M3-P within the filter media was calculated as 136.4 g and 446.9 g for the first and second periods, respectively. An increase of 310.6 g represents an annualized accumulation rate of 19.4 g/year. While sorption capacity of the BRC filter media will vary based on the chemical composition of media, previous research by Hsieh and Davis [40] estimated the sorption capacity of two sand based media mixes (92–95% sand, similar to that at CH BRC) to be 28 mg M3-P/kg media. With an average M3-P concentration of 24.3 mg/kg, the top 20 cm of BRC media appears to be nearing sorption capacity. At an annual M3-P accumulation rate of 19.4 g/year, the CH BRC filter media would reach sorption capacity in approximately 3.5 more years.

That the top 20 cm of filter media are at, or nearing, sorption capacity for phosphorus following 17 years of treatment, is expected. There appears to remain multiple decades of capacity at this BRC because of the 1.2 m media depth. Komlos and Traver [11] found the top 10 cm of BRC filter media to be saturated with phosphorus while estimating 20+ years to saturation at lower depths. However, should media replacement be necessary, simply replacing the top 20 cm of saturated filter media might prove less costly and is supported by previous research [18,42].
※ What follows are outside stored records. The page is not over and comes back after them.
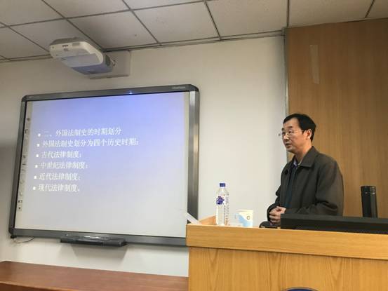 在第一天的授课中,刘艺功教授先后为同学们讲解古希腊、古罗马和中世纪的法律思想。刘教授首先从古希腊的地理环境出发解释城邦制度的兴衰,其次以古希腊的诸哲学流派为例解释古希腊发达的哲学思想如何影响深刻了西方法律思想的发展。在讲授古罗马法律史时,他强调古罗马人的务实精神促进了古罗马法典的发展,尤其是促进古罗马私法的发展,并论述十二表法和查士丁尼法典如何影响了西方后世的法典发展。在讲授中世纪法律史时,他说明基督教的契约观念如何影响西方的契约精神,并指出文艺复兴、罗马法复
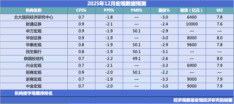 由《经济不雅察报》发起的“经济不雅察报月度不雅察”,每月发布一次。本次共有11家机构参与月度宏不雅数据展望。
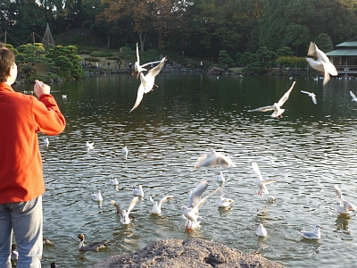 というわけで、なるべく効果的に麩を配布するべく、ピンポイント攻撃!とか、小さくちぎってたくさんバラまく飽和攻撃!とか工夫しながらゲームみたいにすごい燃えましたw
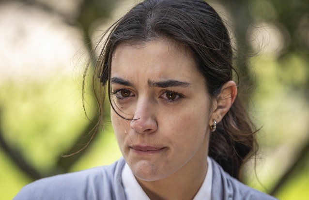 Todavia, David continua ajoelhado e mostra-lhe uma caixa de bombons. “E chocolates! Mas tu achas mesmo que te limpas?”, questiona. Ele diz-lhe para a abrir e ela diz que não consegue, pois está amarrada. O advogado abre-a então. “Tinha pensado em adiar isto até uma altura em que não houvesse tanta confusão na nossa vida, mas agora sei que estava enganado. Porque venha o que vier, as coisas boas e as más, eu sei que quero passar por tudo isso contigo”, declara-se, levantando a tampa. “Não há nada na minha vida que seja melhor sem ti. Casa comigo”, pede-lhe. Emocionada, ela aceita. “Sim, eu caso contigo… Mas… estou amarrada”, refere. Delicadamente, ele solta-a e abraça-a. “A mim, para sempre”. E beijam-se, com paixão.
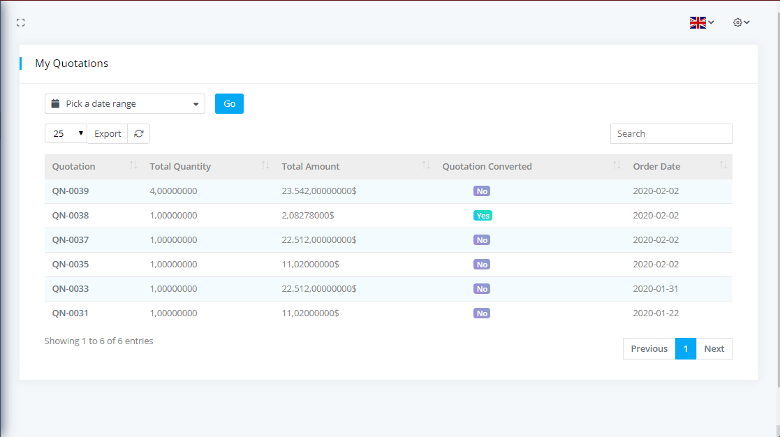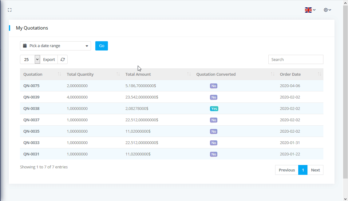 To see the Quotations List with filtering options click on the Quotations from left side bar. You can download the list as PDF or CSV file by clicking on Export button.
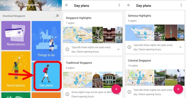 Day plans ตารางวางแผนบันทึกในการเที่ยวในแต่ละวัน หากคุณไม่เคยเที่ยวมาก่อน สามารถเลือกรูปแบบโปรแกรมเที่ยวตามที่ Google ได้แนะนำไว้ให้ หรือไม่ก็จัดรูปแบบการเที่ยวด้วยตัวเองได้เลย
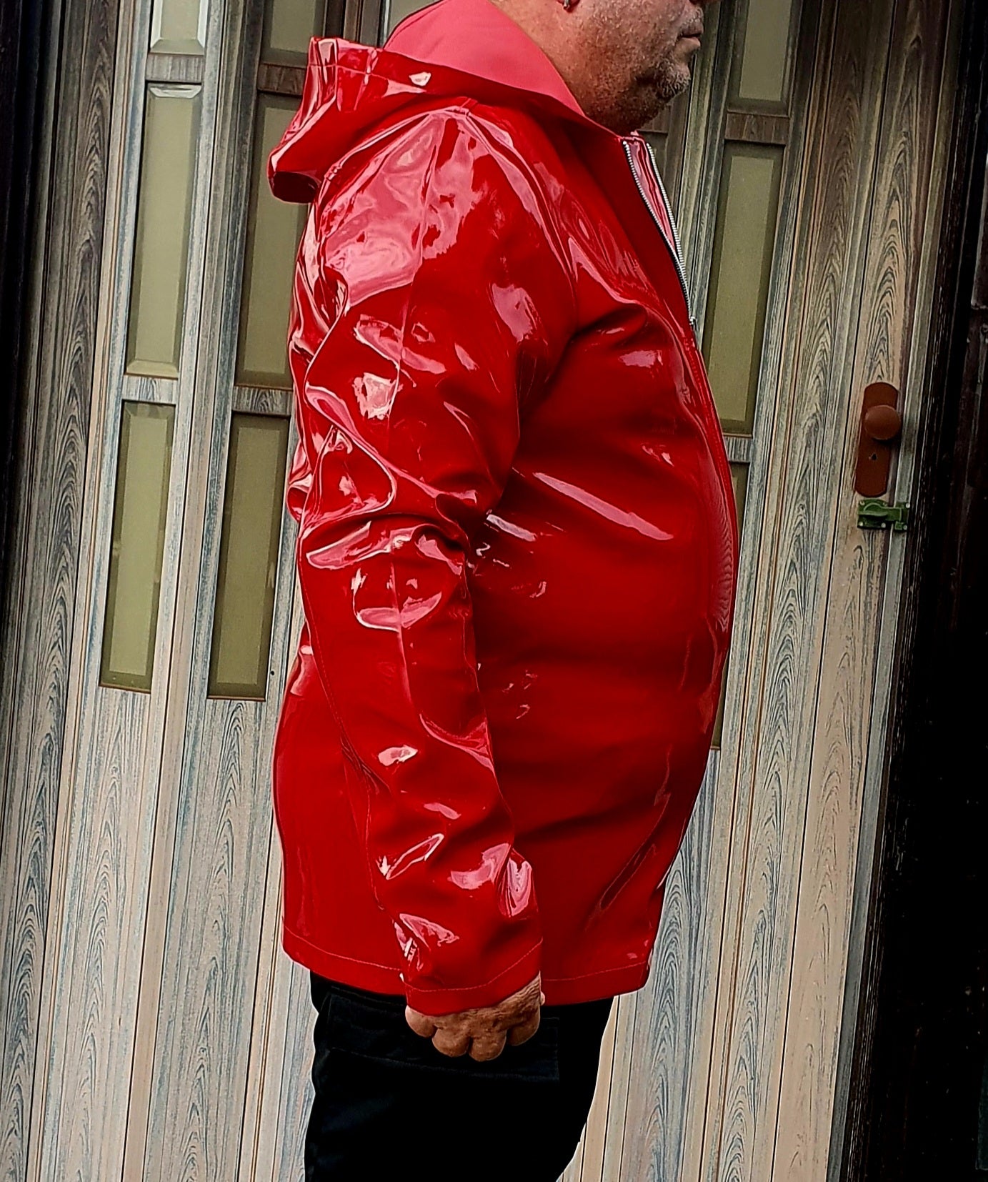 Lack Kapuzenjacke in Vinyl-Qualität, YKK Reißverschluss, Spreizkragen mit Kapuze. Angenehmes nicht klebendes Trägermaterial.
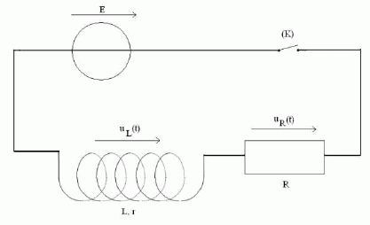 ![]() Dans le circuit électrique représenté ci-dessus la bobine est caractérisée par son inductance L et sa résistance r, le générateur délivre une tension constante E, le conducteur ohmique est caractérisé par sa résistance R. A t = 0 s on ferme l’interrupteur (K). On note uR(t) la tension aux bornes du conducteur ohmique, uL(t)la tension aux bornes de la bobine et i(t) le courant circulant dans le circuit.
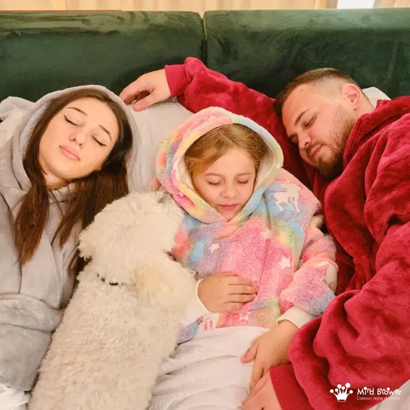 Ofera-i cadou acest hanorac tip patura si ai sa o stii in confort chiar si in zilele reci de iarna cand nu vrei sa abuzezi de caldura de in casa.
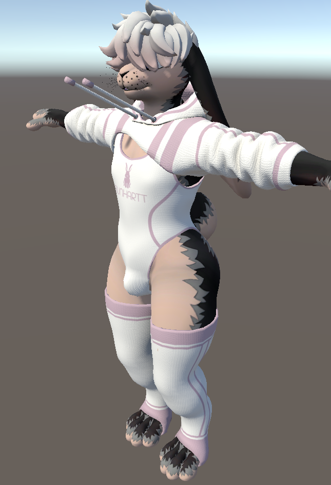 The outfit also comes with a cute bulge and physbones! It has some support for the NSFW breast sliders, but it tends to clip slightly at the massively large sizes!
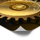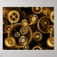 Sin soldadura, metalizado, latón, engranajes dorados sobre un fondo oscuro y oxidado. Estilo Steampunk.
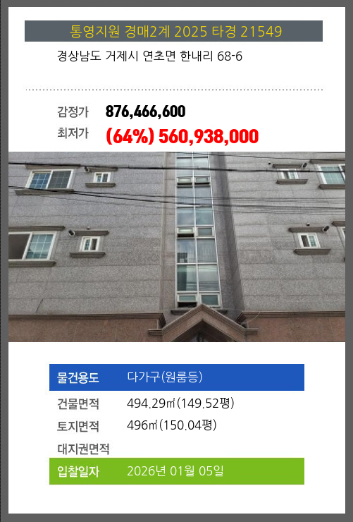 사건번호 2025 타경 21549 본건은 경상남도 거제시 연초면 한내리 68-6소재하는 다가구(원룸등)경매 물건의 포스팅입니다. 건물면적 [ 494.29㎡ (149.52평) ]토지면적 [ 496㎡ (150.04평) ] 시세를 반영한 감정가
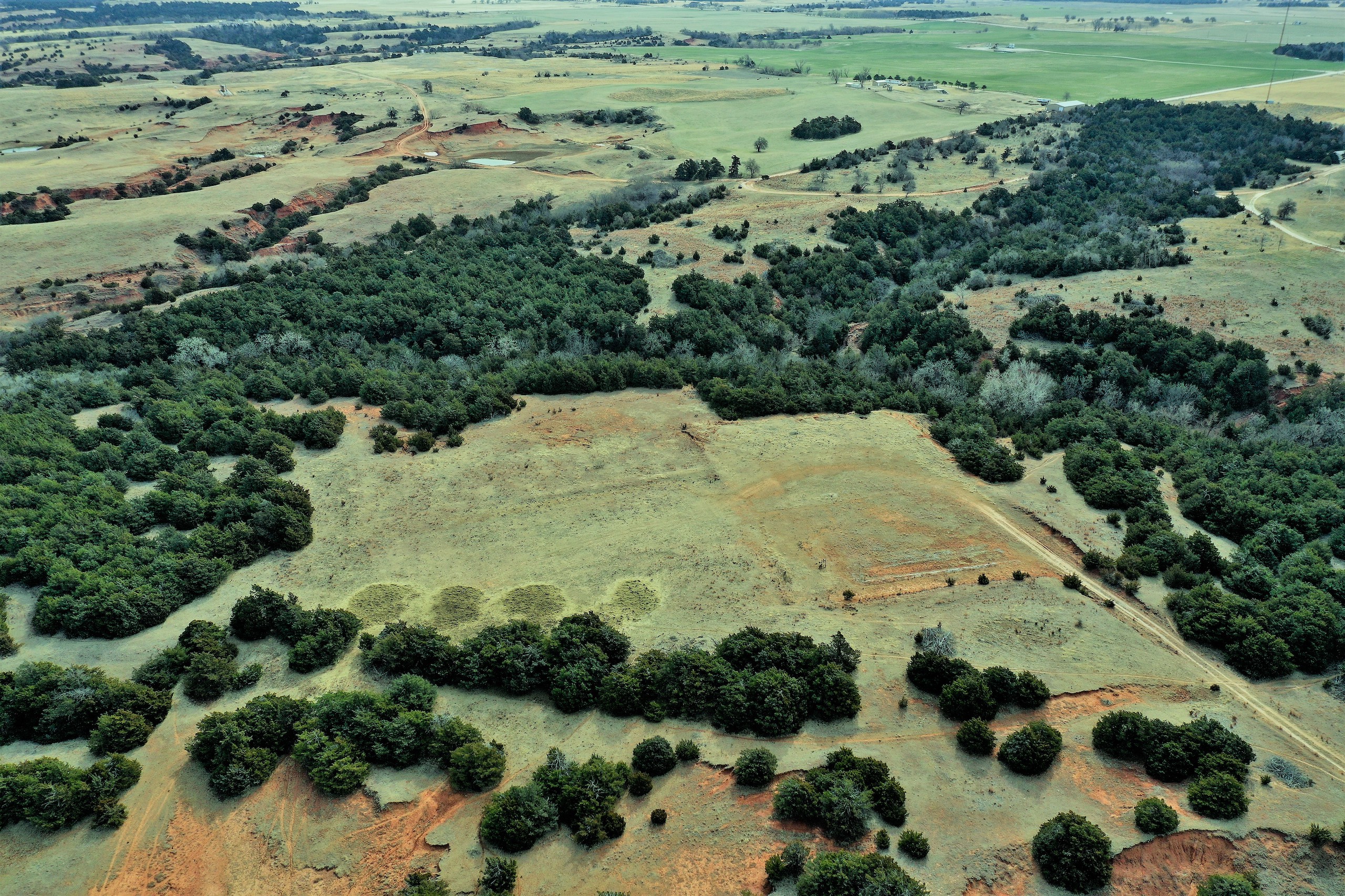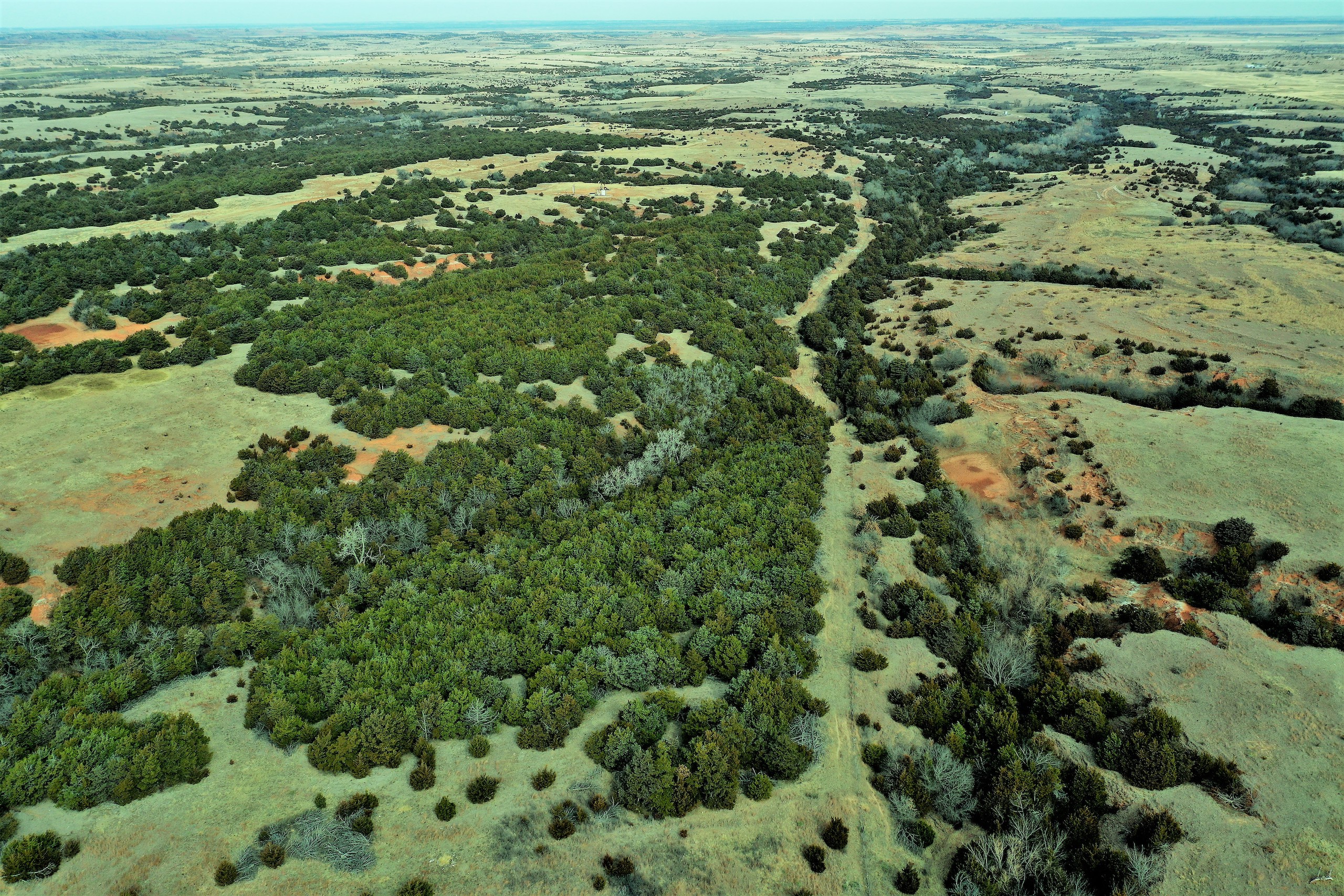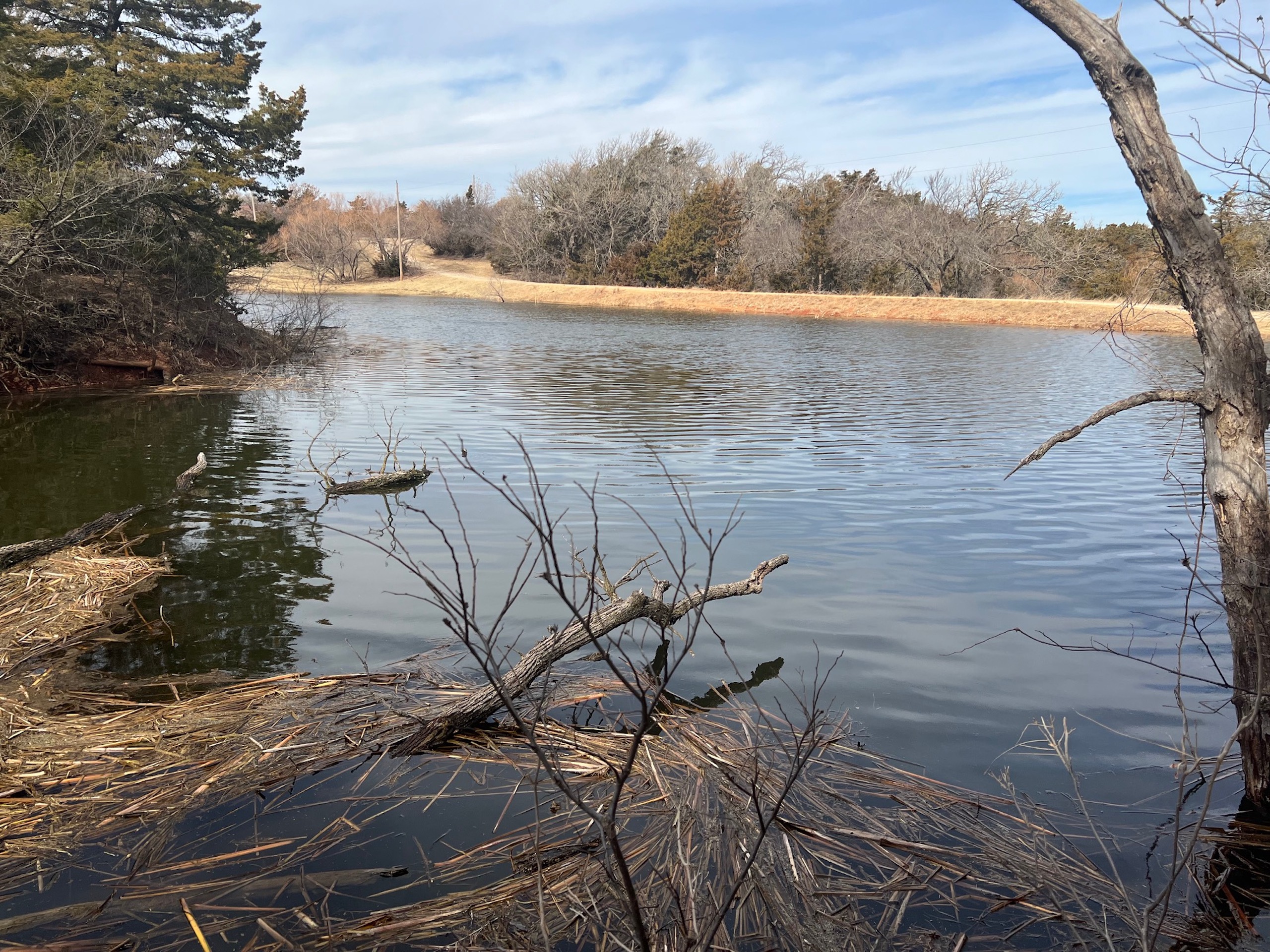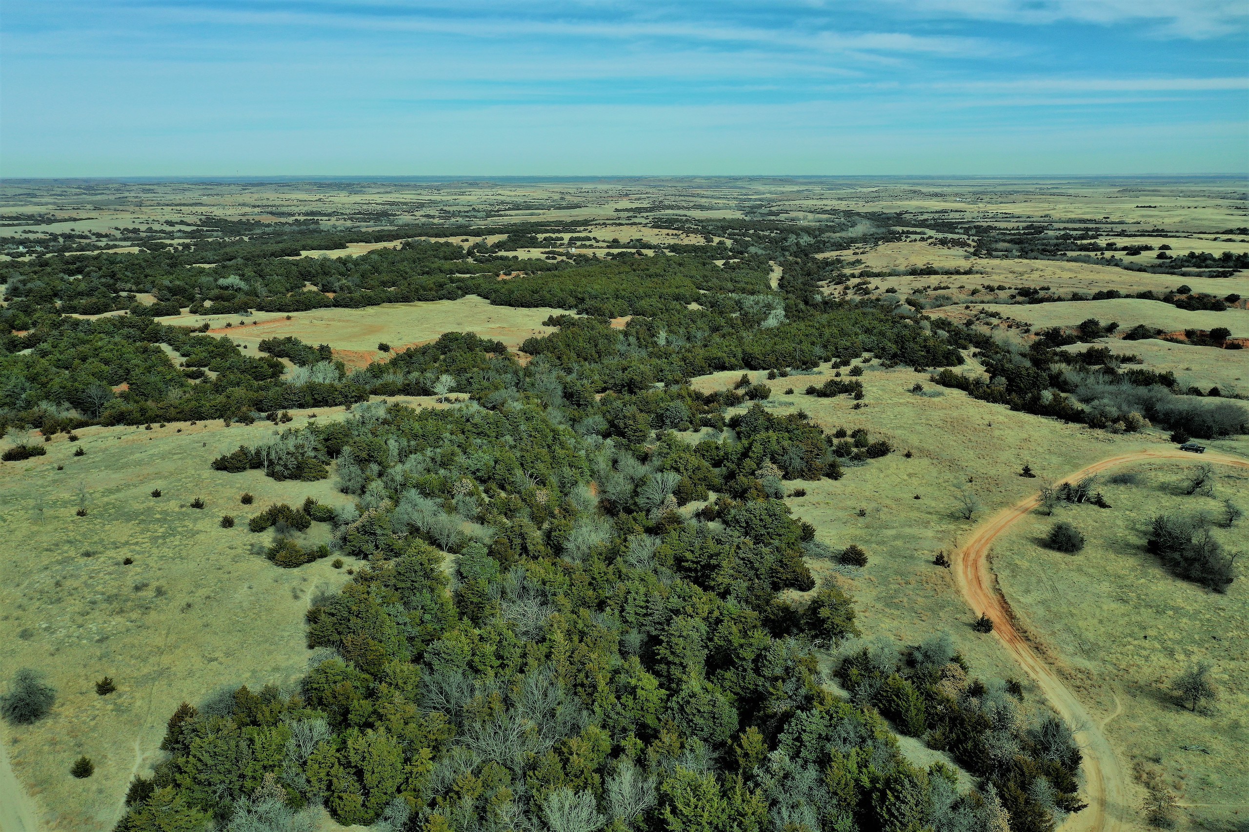 Here’s a beautiful Recreational property providing everything that Northwest Oklahoma has to offer; and then some! A beautiful Spring-fed Pond is a large highlight of the property. It’s full of fish and fish-cover. You can just visualize a big Bass hammering your spinner as you bring it by a fallen Oak log. The pond is maintained by a heavy water flow even in drought conditions. This spring is so strong that the pond-overflow provides a constant flow downstream as well. The creek supports some large, beautiful hardwoods, consisting of Blackjack Oak, Cottonwoods, China-Berry, and Elms.
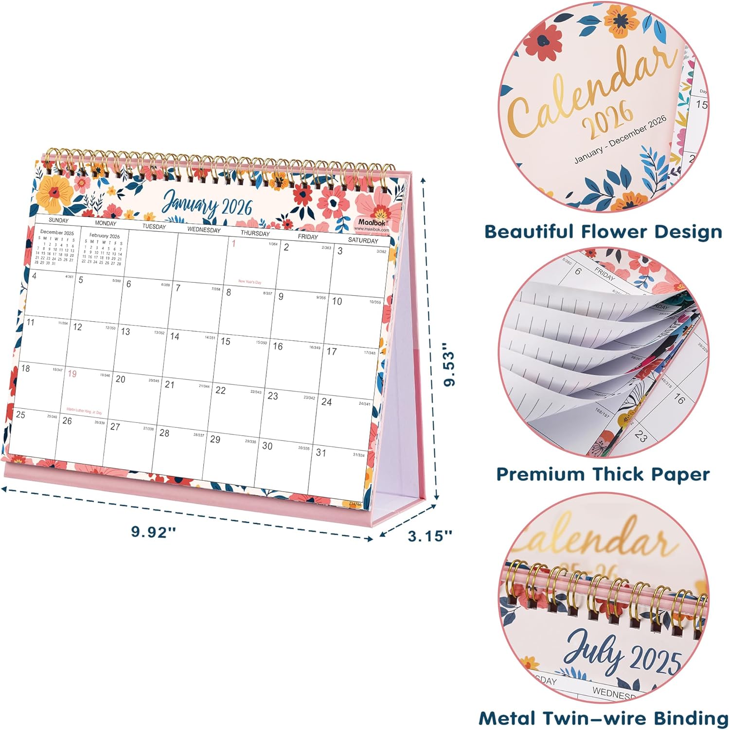- š¼ 2026 DESK CALENDAR ā JAN 2026 ā DEC 2026, this desk calendar 2026 standing flip covers 12 months calendar for more than year-round planning or organizing. Size: 10" x 8.3", perfect for your desk to help you focus on easily scheduling daily life without taking up too much desktop space.
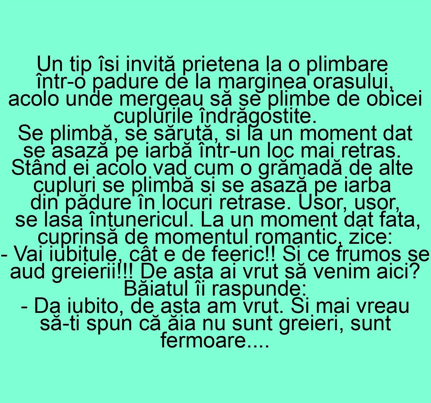 -Vai iubitule, cât e de feeric! Si ce frumos se aud greierii!!! De asta ai vrut să venim aici?

3.3. Regulatory Implications

As regulation of nitrogen and phosphorus export in nutrient sensitive watersheds continues, the sustained treatment performance of the CH BRC is promising. Estimates of performance are usually predicated on early succession research [7,9]. Were BRC nutrient reduction ability to improve with time, then BRCs may be undervalued by regulators and models. For example in NC, BRCs are assigned specific TN (1.20 mg/L) and TP (0.12 mg/L) effluent concentrations for nutrient regulation calculations [43]. Post-construction median effluent TN and TP concentrations at the CH BRC were 1.23 and 0.17 mg/L, respectively. Fifteen years later, median TN and TP concentrations had decreased to 1.12 and 0.09 mg/L, respectively. With maturation, the CH BRC is performing better than the NCDEQ-assigned credit. As BRCs are a biologically-derived treatment practice, their performance will change over time and will be dependent on maturation and maintenance, much like constructed stormwater wetlands [29]. This BRC appears to be a very sustainable SCM with regard to nutrient removal.

4. Conclusions

The preponderance of bioretention research is concentrated on the treatment capabilities of “young” BRCs, post-construction. As bioretention is a biological filtration system, physical and biogeochemical processes that drive stormwater treatment in BRCs are subject to temporal changes [44], yet little research has addressed exactly how BRC treatment changes with time. The research presented herein illustrates that BRC nutrient removal can be sustained. If designed, built, and maintained following research-based guidance [9,25,45], bioretention provides excellent treatment of stormwater runoff for nitrogen and phosphorus for prolonged periods of time.